RUN apt-get update && \
    apt-get install -y \
    apt-transport-https \
    ca-certificates \
    curl \
    gnupg \
    build-essential \
    python3-dev \
    python3-setuptools \
    gcc \
    make \
    apt-utils \
    libxcb-shm0  \
    libx11-xcb-dev  \
    libxext-dev  \
    libxrandr-dev  \
    libxcomposite-dev  \
    libxcursor-dev  \
    libxdamage-dev  \
    libxi-dev \
    libxtst-dev \
    libgtk-3-dev \
    libasound-dev \
    libdbus-glib-1-dev
    
pip install playwright
playwright install
playwright install-deps

Use in cloud environments like GCP or AWS

In order to use PlaywrightRequest in AWS or GCP it's necessary to create a docker image with your code (include the code shown above). Running your docker image locally is straightforward but in the cloud there is a little issue because the command playwright install-deps install playwright with the user root. In the cloud, the docker image is execute by a random user and that user is not able to find playwright browsers... the solution is to include the following command in the code you use PlaywrightRequest and install the browsers you need locally

import playwright
import os

# use only one of the following commands depending on your needs
os.system("playwright install")  # use this to install all browsers
os.system("playwright install firefox")  # to install firefox
os.system("playwright install chromium")  # to install chromium
os.system("playwright install webkit")  # to install webkit

Usage

Example #1: simple usage

from playwright_request.playwright_request import PlaywrightRequest
#crawl
requester = PlaywrightRequest()
responses = requester.get(urls=["SITE1","SITE2"])

print(responses[0].status_code, responses[0].html)
print(responses[1].status_code, responses[1].html)

Example #2: simple usage with Chromium

from playwright_request.playwright_request import PlaywrightRequest
from playwright_request.browser_type import BrowserType
#crawl
requester = PlaywrightRequest(browser=BrowserType.CHROMIUM, headless=False)
responses = requester.get(urls=["SITE1"])

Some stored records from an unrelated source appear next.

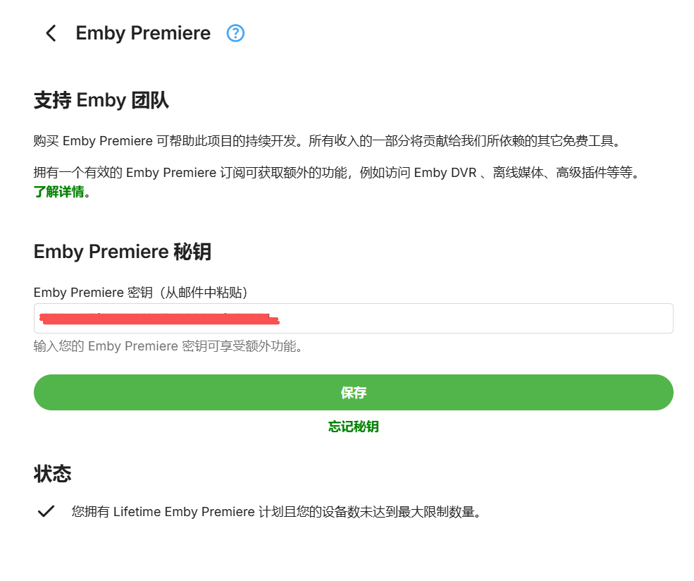 Solution phx-yang 1 Posted December 17, 2025 Author Solution Posted December 17, 2025 3 hours ago, GrimReaper said: 这样应该就足够了,它应该能为你所有客户端启用播放(以及所有其他Premiere功能)——如果你看到了这个: 这很可能和客户本身有关。那些是本地连接还是远程连接?你看到任何控制台错误了吗? OK, the problem has been resolved. I uninstalled Emby, reinstalled the official Synology version, entered the premiere key again, and then it was successfully activated... 1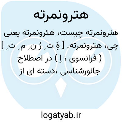 هترونمرته. [ هَِ ت ِ رُ ن ِ م ِ ت ِ ] ( فرانسوی، اِ ) در اصطلاح جانورشناسی،دسته ای از جانورانند که در دریا زندگی میکنند. بدن آنها دراز و باریک است و دهانشان در پشت سر قرار دارد. عضلات جدار خارجی بدن آنها دراز است. ( از جانورشناسی سیستماتیک، تألیف دکتر اسماعیل آزرم ج 1 ص 179 ).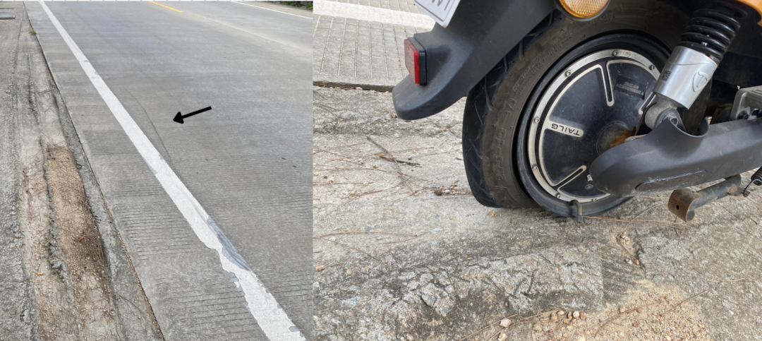 这都不是最刺激的,最惊险的是在我骑行了60多公里,在一个下坡我突然爆胎了……车把不受控制,真的是靠刹车硬停了下来。所幸都没受伤,停稳车我人都懵的,完全不清楚发生了啥,下车往回看,还能看见清晰的刹车痕迹……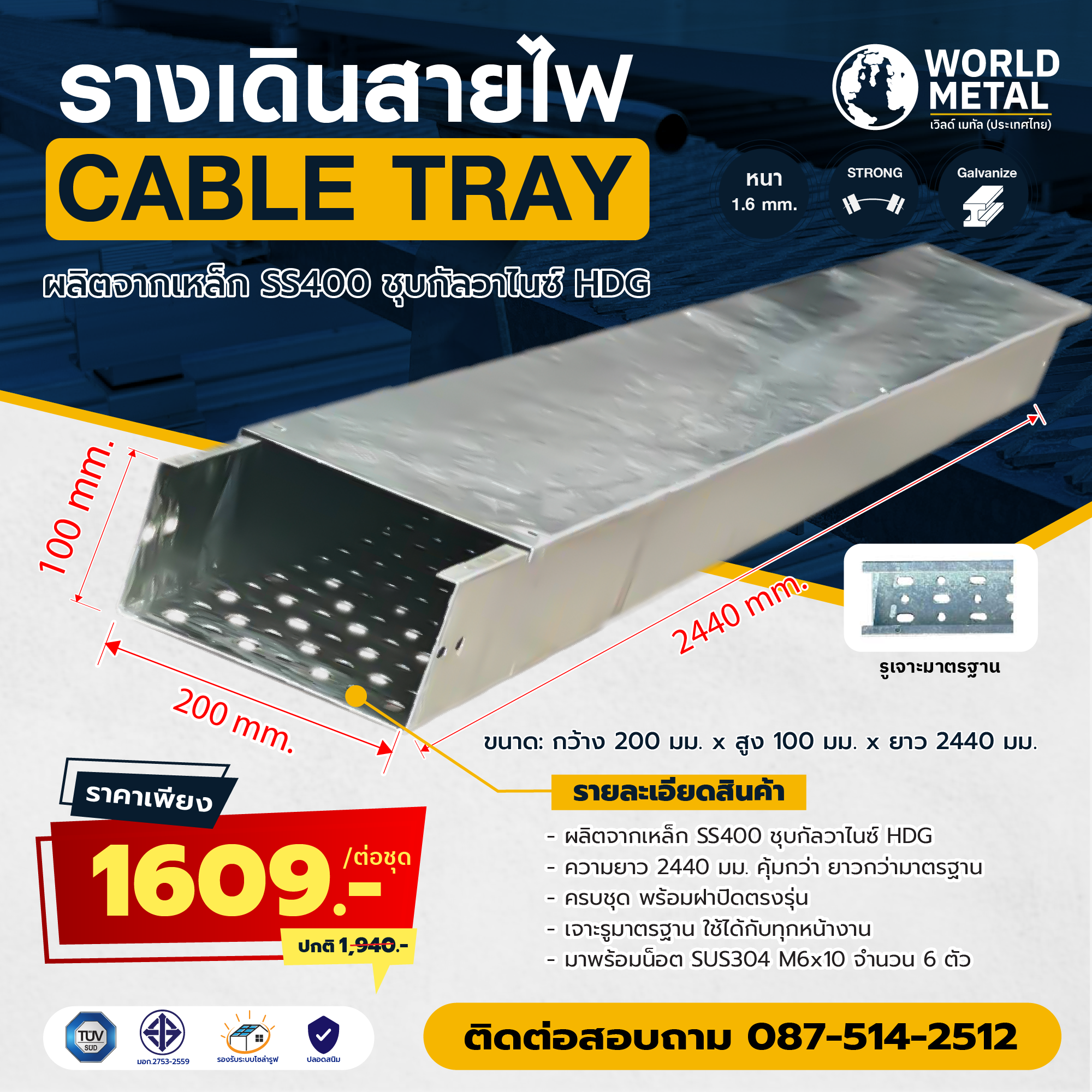 รางเดินสายไฟ HDG ขนาด 200x100x2440 มม. (Perforated Tray)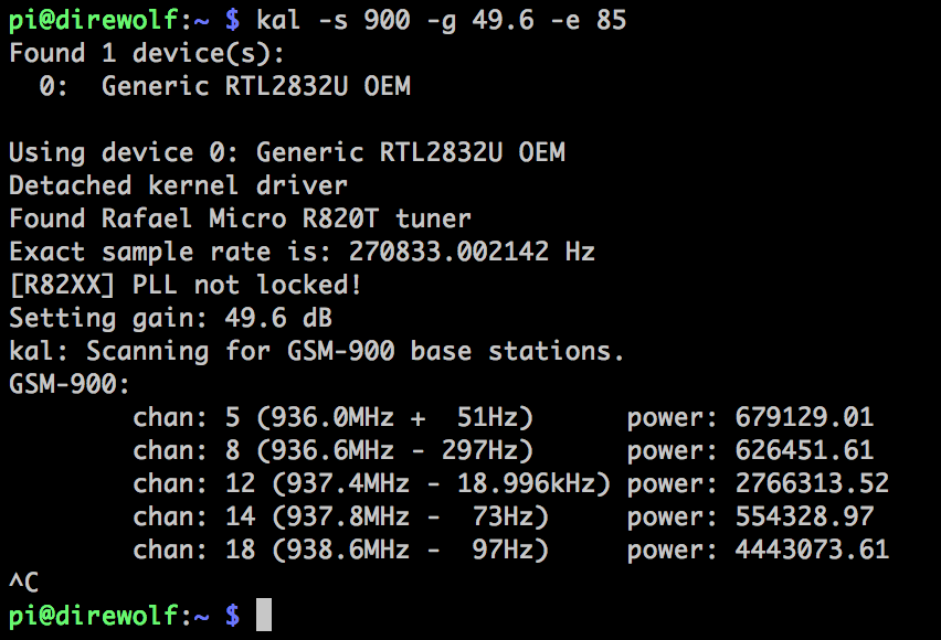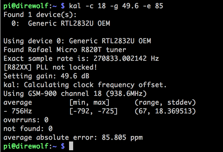 Use the rough ppm offset as input for Kalibrate-rtl (in this sample +85ppm) and use `kal` to scan for an usable and local GSM frequency band using gain and the rough ppm value. Use 850MHz for America and 900MHz for Europe. Note the added maximum gain value.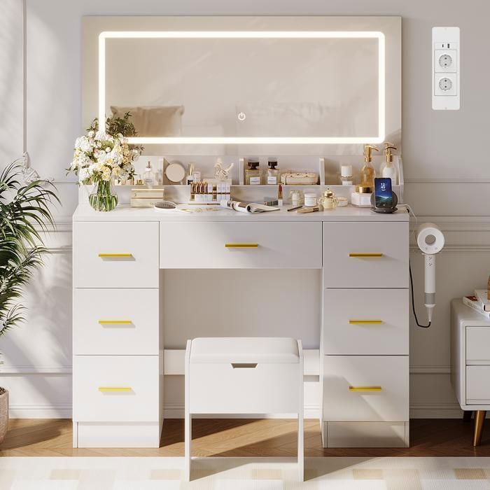 Coiffeuse miroir led et tabouret

print(responses[0].status_code, responses[0].html)

Example #3: define interceptor to avoid loading images

from playwright_request.playwright_request import PlaywrightRequest
from playwright_request.route_interceptor import RouteInterceptor
#crawl
interceptor = RouteInterceptor().set_default_exclusions()
requester = PlaywrightRequest(route_interceptor=interceptor)
responses = requester.get(urls=["SITE1"])

print(responses[0].status_code, responses[0].html)

Example #4: extra processing results

from playwright.async_api import Page
from playwright_request.playwright_request import PlaywrightRequest
from playwright_request.route_interceptor import RouteInterceptor


async def get_all_photos(page: Page) -> list[str]:
    # 1. Click on show all button and popup photo window
    page.locator('button', has_text='Show all photos').click()
    # 2. Wait for state is loaded and then wait for the selector
    page.wait_for_load_state('networkidle', timeout=3000)
    page.wait_for_load_state(timeout=3000)
    page.wait_for_selector('div[data-testid=photo-viewer-section]', timeout=3000)
    # 3. get photo section selector
    photos_section = page.query_selector('div[data-testid=photo-viewer-section]')
    # 4. get all picture elements within 
    all_pictures = photos_section.query_selector_all('picture')
    # 5. get all selector images and extract the attribute we need
    images = [a.query_selector("img").get_attribute("data-original-uri") for a in all_pictures]
    # 6. close the popup window and return the images
    page.locator('//button[@aria-label="Close"]').click()
    return images

requester = PlaywrightRequest(extra_async_function_ptr=get_all_photos)
responses = requester.get(urls=[f"SITE-{k}" for k in range(100)])
images = [response.extra_result for response in responses] 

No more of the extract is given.